**Data for review:**
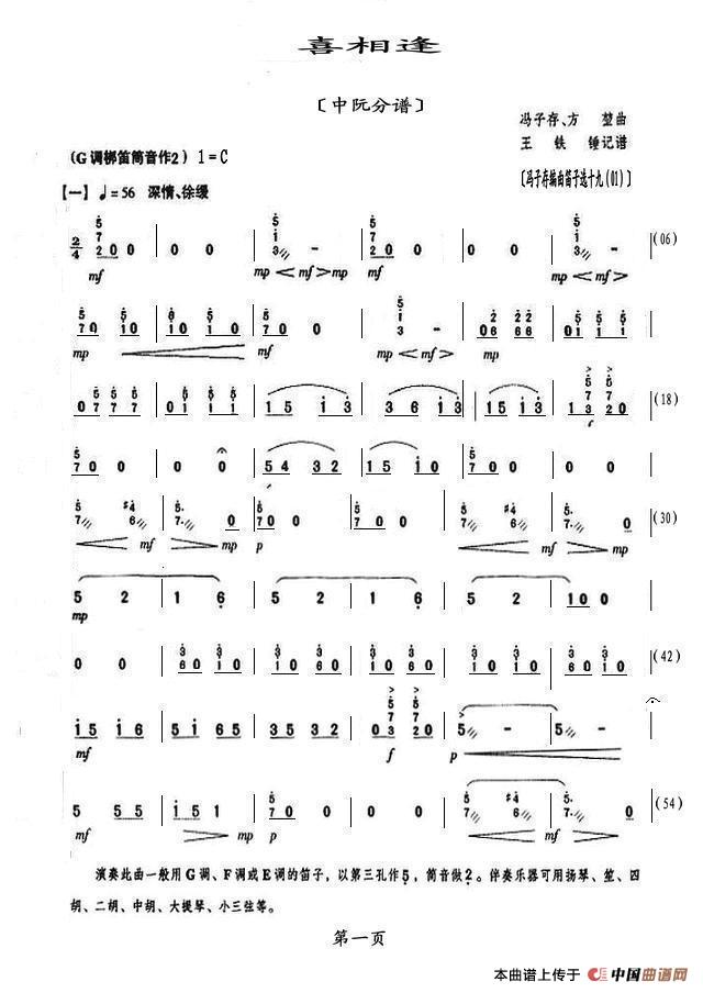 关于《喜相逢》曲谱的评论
---
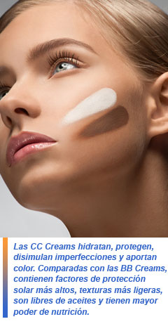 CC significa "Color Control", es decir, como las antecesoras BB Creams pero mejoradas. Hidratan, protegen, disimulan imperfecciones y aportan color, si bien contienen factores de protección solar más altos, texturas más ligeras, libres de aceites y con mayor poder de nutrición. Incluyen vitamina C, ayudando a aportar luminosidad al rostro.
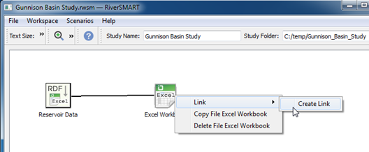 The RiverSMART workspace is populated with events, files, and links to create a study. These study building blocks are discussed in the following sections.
...
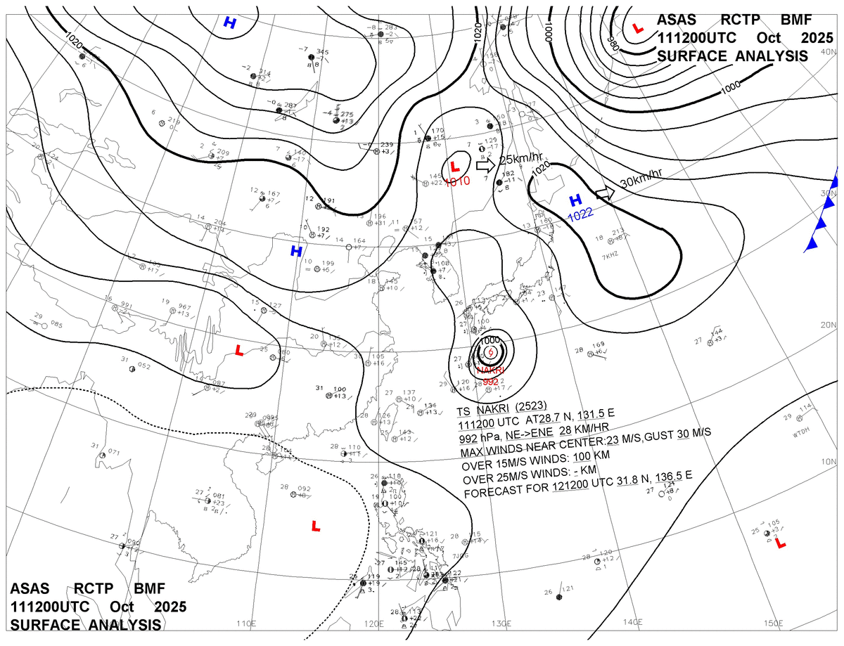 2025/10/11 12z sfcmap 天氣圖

**What you are asked to do:**
Here the job is to copy the listing above word for word, starting at the line with "luminosidad al rostro." and ending at the line with "The RiverSMART workspace", and to leave out the pictures.

**Output for this exercise:**
 CC significa "Color Control", es decir, como las antecesoras BB Creams pero mejoradas. Hidratan, protegen, disimulan imperfecciones y aportan color, si bien contienen factores de protección solar más altos, texturas más ligeras, libres de aceites y con mayor poder de nutrición. Incluyen vitamina C, ayudando a aportar luminosidad al rostro.
 The RiverSMART workspace is populated with events, files, and links to create a study. These study building blocks are discussed in the following sections.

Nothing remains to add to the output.